Information provided |
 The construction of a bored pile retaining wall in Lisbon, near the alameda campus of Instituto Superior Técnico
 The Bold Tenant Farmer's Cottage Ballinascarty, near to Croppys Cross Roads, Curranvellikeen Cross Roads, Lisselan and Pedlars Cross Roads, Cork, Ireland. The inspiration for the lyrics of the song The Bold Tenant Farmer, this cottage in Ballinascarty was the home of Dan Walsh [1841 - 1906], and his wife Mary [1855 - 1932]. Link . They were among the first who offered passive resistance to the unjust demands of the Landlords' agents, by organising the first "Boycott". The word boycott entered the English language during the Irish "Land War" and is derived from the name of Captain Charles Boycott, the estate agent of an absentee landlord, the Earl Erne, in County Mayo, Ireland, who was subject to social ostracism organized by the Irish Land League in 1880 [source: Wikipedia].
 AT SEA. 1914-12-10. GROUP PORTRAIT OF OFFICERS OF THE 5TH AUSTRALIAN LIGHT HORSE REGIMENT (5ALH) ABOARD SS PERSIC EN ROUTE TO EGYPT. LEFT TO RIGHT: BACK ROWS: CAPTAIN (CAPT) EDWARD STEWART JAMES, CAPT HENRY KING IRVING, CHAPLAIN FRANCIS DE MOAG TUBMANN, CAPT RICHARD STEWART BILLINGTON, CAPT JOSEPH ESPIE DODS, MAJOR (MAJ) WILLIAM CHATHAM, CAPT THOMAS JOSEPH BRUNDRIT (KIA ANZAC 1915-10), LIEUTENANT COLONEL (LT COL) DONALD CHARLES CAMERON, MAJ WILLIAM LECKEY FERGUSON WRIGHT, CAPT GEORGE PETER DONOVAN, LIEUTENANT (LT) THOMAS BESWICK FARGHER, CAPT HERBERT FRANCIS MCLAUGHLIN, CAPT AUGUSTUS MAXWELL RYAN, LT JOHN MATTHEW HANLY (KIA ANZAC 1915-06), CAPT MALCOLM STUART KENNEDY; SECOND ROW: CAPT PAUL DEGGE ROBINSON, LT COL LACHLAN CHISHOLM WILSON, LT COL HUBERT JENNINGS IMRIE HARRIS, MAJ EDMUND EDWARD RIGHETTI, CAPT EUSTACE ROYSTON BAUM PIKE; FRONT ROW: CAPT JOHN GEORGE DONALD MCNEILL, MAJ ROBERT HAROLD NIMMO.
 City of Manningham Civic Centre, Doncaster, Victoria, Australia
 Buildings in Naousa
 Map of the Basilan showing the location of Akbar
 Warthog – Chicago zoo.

--

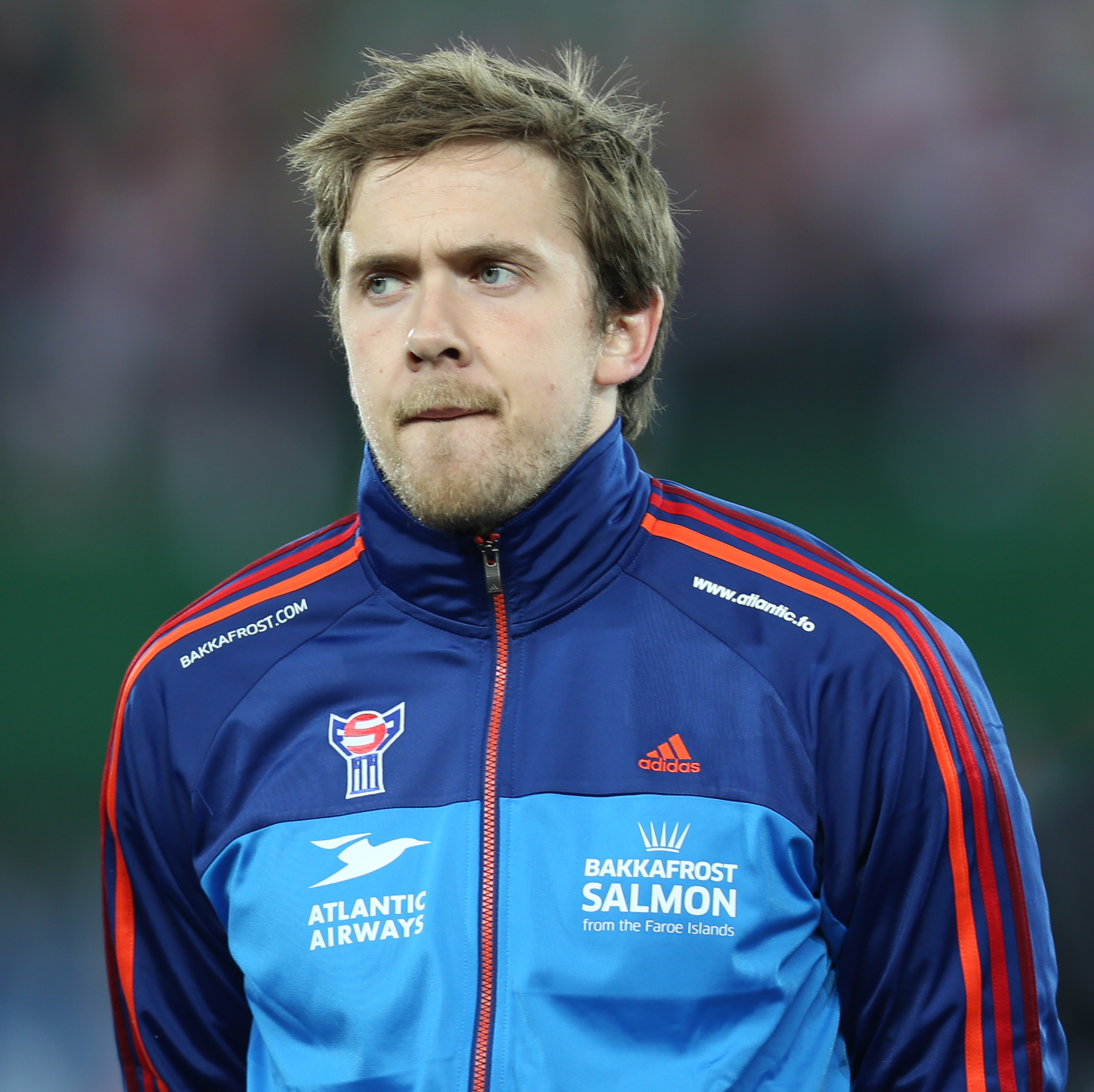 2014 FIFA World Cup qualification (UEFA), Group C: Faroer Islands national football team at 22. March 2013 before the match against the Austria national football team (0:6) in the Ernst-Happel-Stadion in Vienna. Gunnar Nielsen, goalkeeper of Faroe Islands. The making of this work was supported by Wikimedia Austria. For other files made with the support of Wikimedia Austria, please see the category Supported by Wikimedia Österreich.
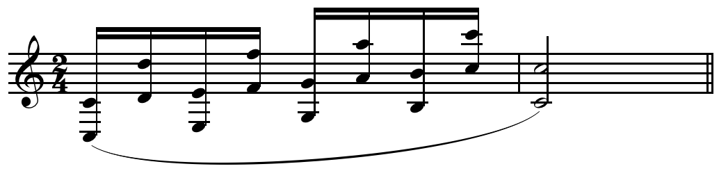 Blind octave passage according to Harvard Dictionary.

Task directions | Every line above from the line with "The construction of" to the line with "The Bold Tenant Farmer's", both included, must be reproduced exactly, and no other line may appear.

Exercise output |
 The construction of a bored pile retaining wall in Lisbon, near the alameda campus of Instituto Superior Técnico
 The Bold Tenant Farmer's Cottage Ballinascarty, near to Croppys Cross Roads, Curranvellikeen Cross Roads, Lisselan and Pedlars Cross Roads, Cork, Ireland. The inspiration for the lyrics of the song The Bold Tenant Farmer, this cottage in Ballinascarty was the home of Dan Walsh [1841 - 1906], and his wife Mary [1855 - 1932]. Link . They were among the first who offered passive resistance to the unjust demands of the Landlords' agents, by organising the first "Boycott". The word boycott entered the English language during the Irish "Land War" and is derived from the name of Captain Charles Boycott, the estate agent of an absentee landlord, the Earl Erne, in County Mayo, Ireland, who was subject to social ostracism organized by the Irish Land League in 1880 [source: Wikipedia].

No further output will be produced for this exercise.